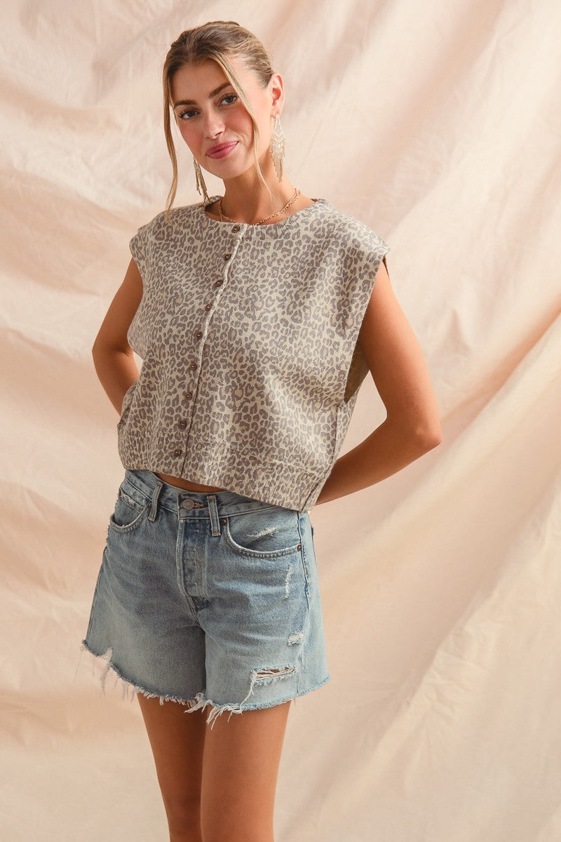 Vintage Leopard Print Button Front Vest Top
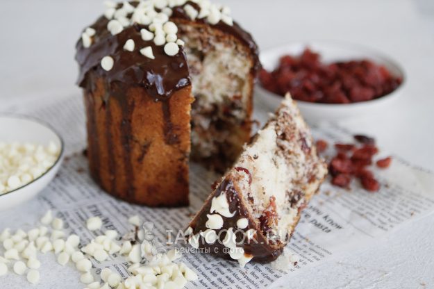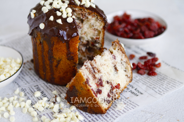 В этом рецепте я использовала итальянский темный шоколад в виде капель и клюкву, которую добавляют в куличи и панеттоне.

* * *

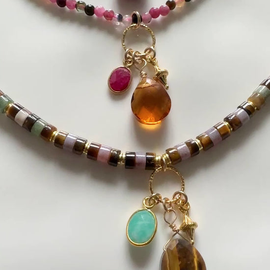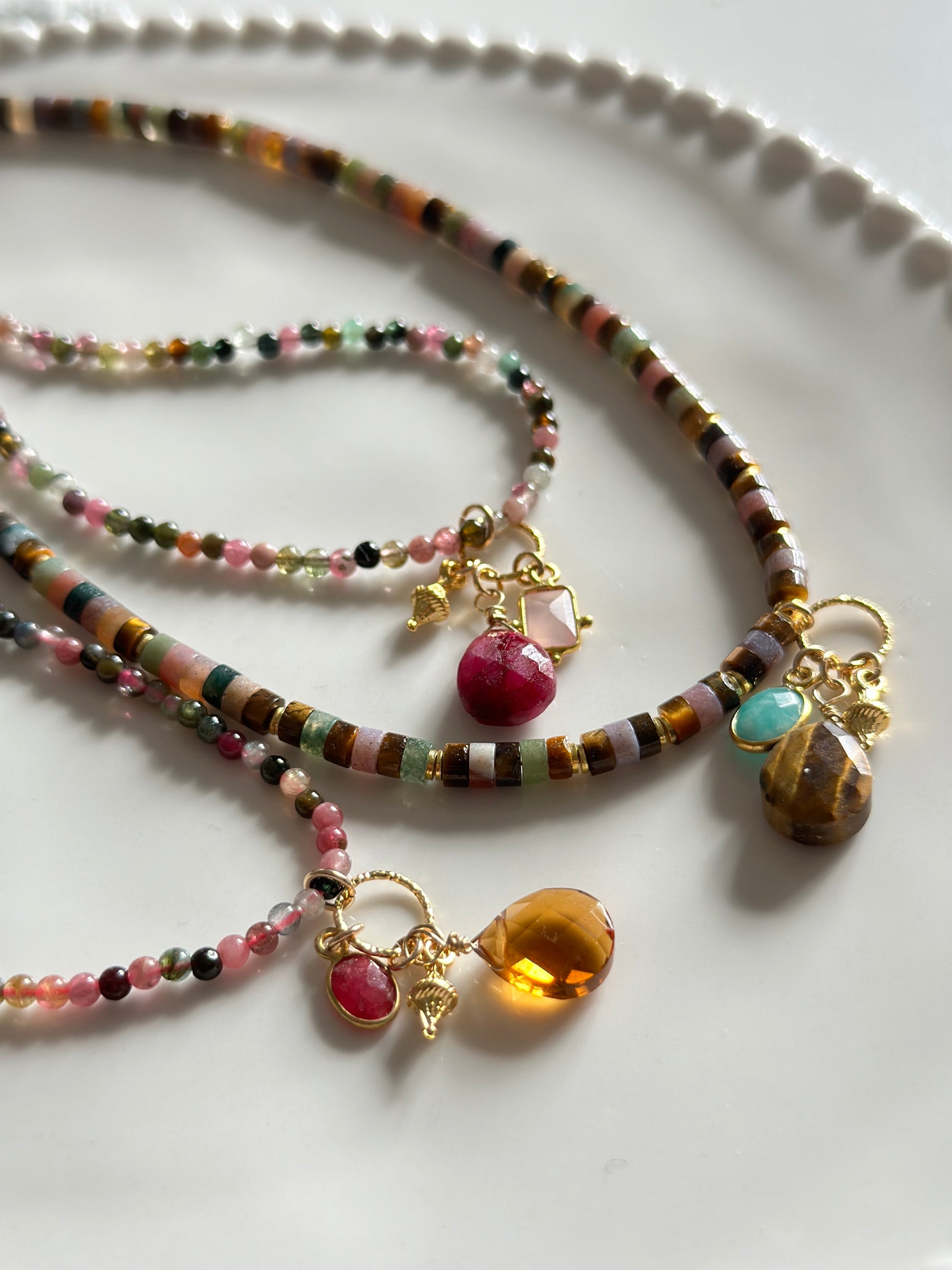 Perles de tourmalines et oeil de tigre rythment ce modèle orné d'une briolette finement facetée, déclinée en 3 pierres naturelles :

...

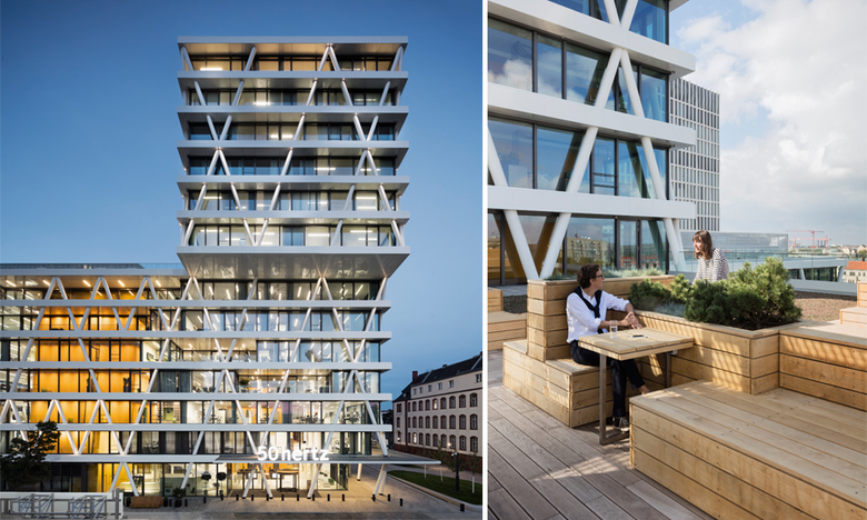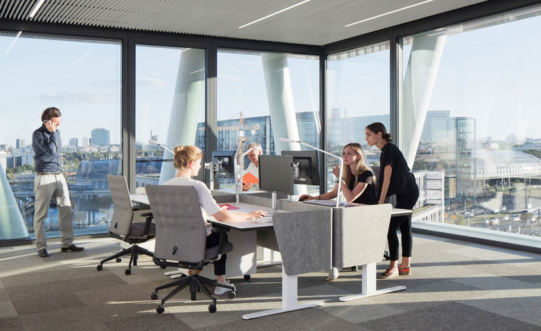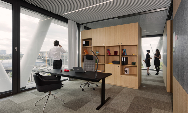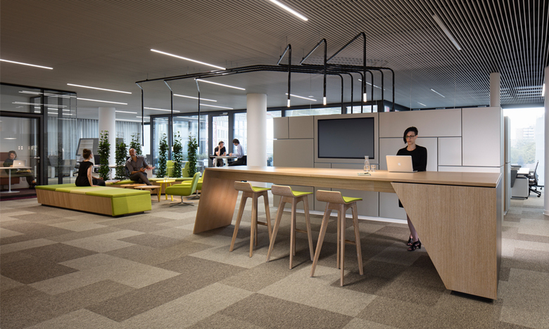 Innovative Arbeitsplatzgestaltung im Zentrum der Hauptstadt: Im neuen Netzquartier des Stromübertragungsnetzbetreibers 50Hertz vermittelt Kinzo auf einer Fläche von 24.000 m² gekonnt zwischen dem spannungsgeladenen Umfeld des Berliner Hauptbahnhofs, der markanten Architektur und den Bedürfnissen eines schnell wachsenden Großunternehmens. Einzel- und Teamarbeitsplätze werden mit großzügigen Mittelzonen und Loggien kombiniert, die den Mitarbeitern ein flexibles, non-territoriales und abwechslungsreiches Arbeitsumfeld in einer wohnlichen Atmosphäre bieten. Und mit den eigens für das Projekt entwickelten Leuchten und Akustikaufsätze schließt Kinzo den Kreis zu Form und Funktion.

__Exercise objective__: In the data above, find the line containing "Vintage Leopard Print Button Front Vest Top" and the line containing "В этом рецепте". Repeat those two lines and everything between them exactly, minus the pictures.

__Written answer__:
 Vintage Leopard Print Button Front Vest Top
 В этом рецепте я использовала итальянский темный шоколад в виде капель и клюкву, которую добавляют в куличи и панеттоне.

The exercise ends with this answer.